Ey iman edenler, siz davar değilsiniz, kendinizi güttürmeyin! İnsanlar güdülmemek için, kendilerini tanımak ve ellerini taşın altına sokmak zorundadırlar. Allah’ın, diğer canlılara vermeyip, insana lütfettiği en büyük değer Akıldır… Aklı tanımayan, kendi aklının varlığından haberdar olmayan insan tek kelimeyle akılsızdır ve güdülmeye mahkumdur.

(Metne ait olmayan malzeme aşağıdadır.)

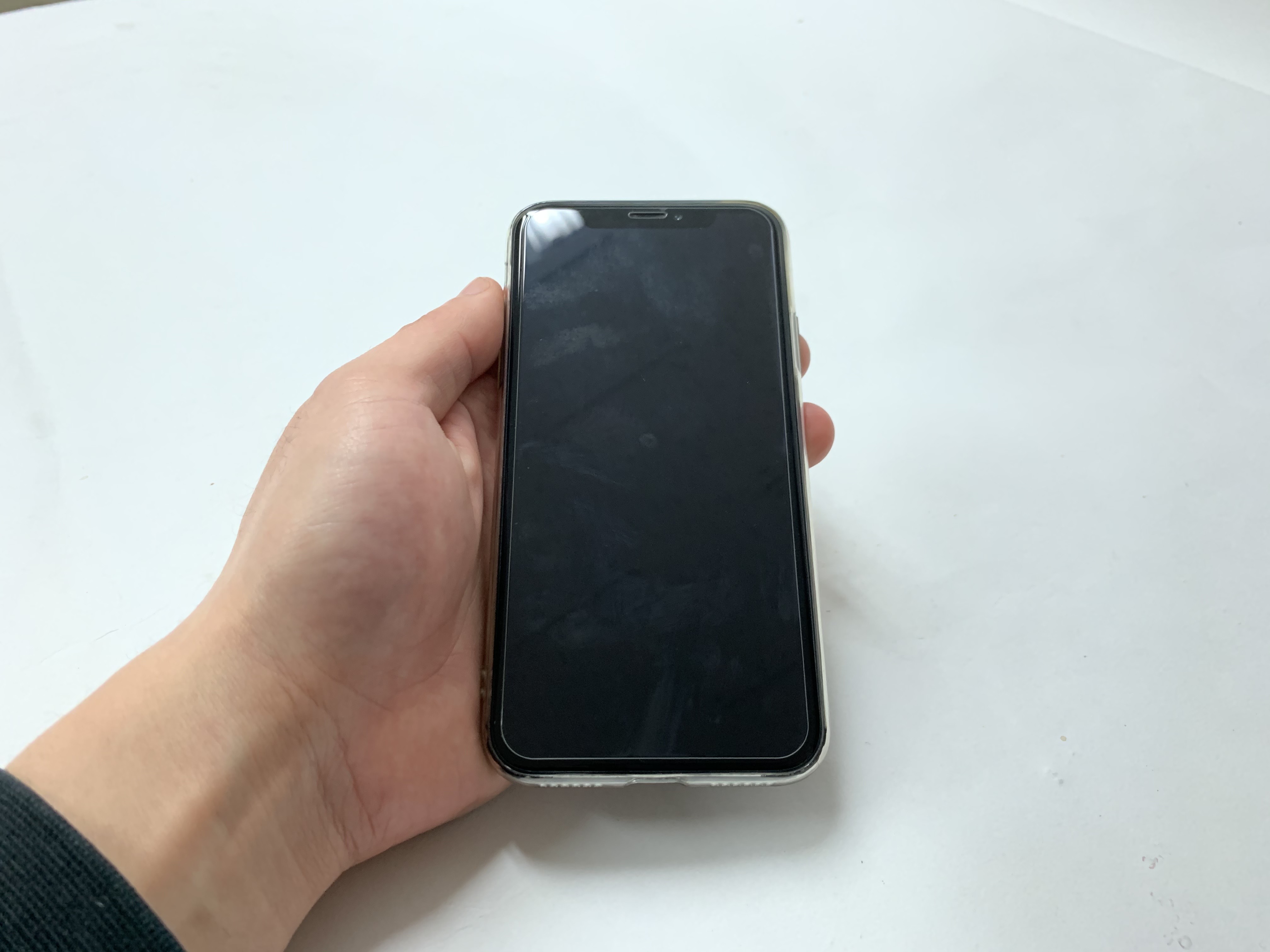 이제 필자와 지인의 휴대폰에 직접 케이스와 필름을 붙인 모습을 공개하겠다. 지인의 경우 아이폰 X 유저로서 풀커버가 아닌 일반 강화유리 필름을 구매했다. 가격대는 내가 구매한 게 아니라 잘 모르겠으나 아마 필자와 비슷한 가격대로 추정하고 있다.

Karşılaşılan sorunları çözebilmek marifettir, fakat sorunları önceden görüp oluşmasını ve tekrarlanmasını önlemek daha büyük bir marifettir. Çevreyi temizlemekten önce, çevreyi kirletmemeye çalışalım. Çocuklarımızı doğrudan koruyalım ama onları güçlendirip kendi kendilerini korumalarını sağlamaya öncelik verelim. Fakire sadaka da verelim ama önce iş vermeye çalışalım. Bilmeyene balık ikram etmek yerine balık tutmasını öğretelim.

Lafı uzatmaya gerek yok, işin özü, sorunların altından kalkmanın ve güdülmemenin ön şartı insanın bilgili ve bilinçli olmasıdır.

Üretmek insanın en önde gelen görevidir. Madde üretenler, zenginleşirler, geleceklerini güvence altına alırlar, topluma yük olmazlar, aksine yardımcı bile olurlar, onları alkışlarım, ama düşünsel üretimle insanların bilgilenmesi, bilinçlenmesi ve aydınlatılması için çaba harcayanları daha çok alkışlarım.

Bir toplumdaki bilgili, düşünen, sorgulayan, yorumlayan, bilinçli insanlar, yeteneklerini kendi hırsları ve çıkarları için değil de, insanlığın yararına kullanılanıyorsa, o toplum için bundan daha büyük bir zenginlik olamaz. İnsanları çağdaş bilgilerle donatmak, aydınlatılmak, kutsal bir davranış ve çok önemli bir vatandaşlık görevidir.

Doğuştan gelen ham aklın eğitimle işlenmesi şarttır. Eğitim sistemi çağdaş kriterlere ve pozitif bilime dayalı ise çağdaş akla sahip, çağdaş insan yetiştirir, değilse çağ dışı insan yetiştirir. Farklı amaçlara dönük olan çağ dışı eğitimlerin ortak yöntemi beyin yıkamaktır. Beyni yıkanmış bir insan doğru düşünemez ve özgür hareket edemez, o kendisi değil, kurgulayanların bir robotudur.

İnsanlar için en doğru kılavuz çağdaş akıl ve bilinçtir, bunun dışındaki bütün kılavuzlar insanı pisliğe, batağa, çıkmaza ve sapık ideolojilere sürüklerler.

Allah’tan korkan, kuldan utananlar, yalan söylemezler, çıkarları için insanları aldatmazlar. Şeytan ruhlu insanlara, özellikle, insanları ”Allah’la aldatanlara” lanet olsun. Bunlardan korunmak için Allah’a sığınmak bir çaredir, ama kişinin önce aklını kullanması, tuzağa düşmemesi gerekir, çünkü verdiği nimeti, yani Aklını kullanmayana Allah da yardım etmez.

4+4+4 Eğitim yasasını ”Cumhuriyet tarihinin en büyük değişimi” diye niteleyip, bayram ettiler. Gerçekten çok büyük bir değişim, ancak hangi yöne olduğunu, zamanla, kafamıza dank edince göreceğiz. Buna layık olduğumuzu düşünmüyorum, fakat demek ki hak etmişiz.

Dilerim sağ duyu hakim olur, topluma büyük bedeller ödetmeden hatadan dönülür.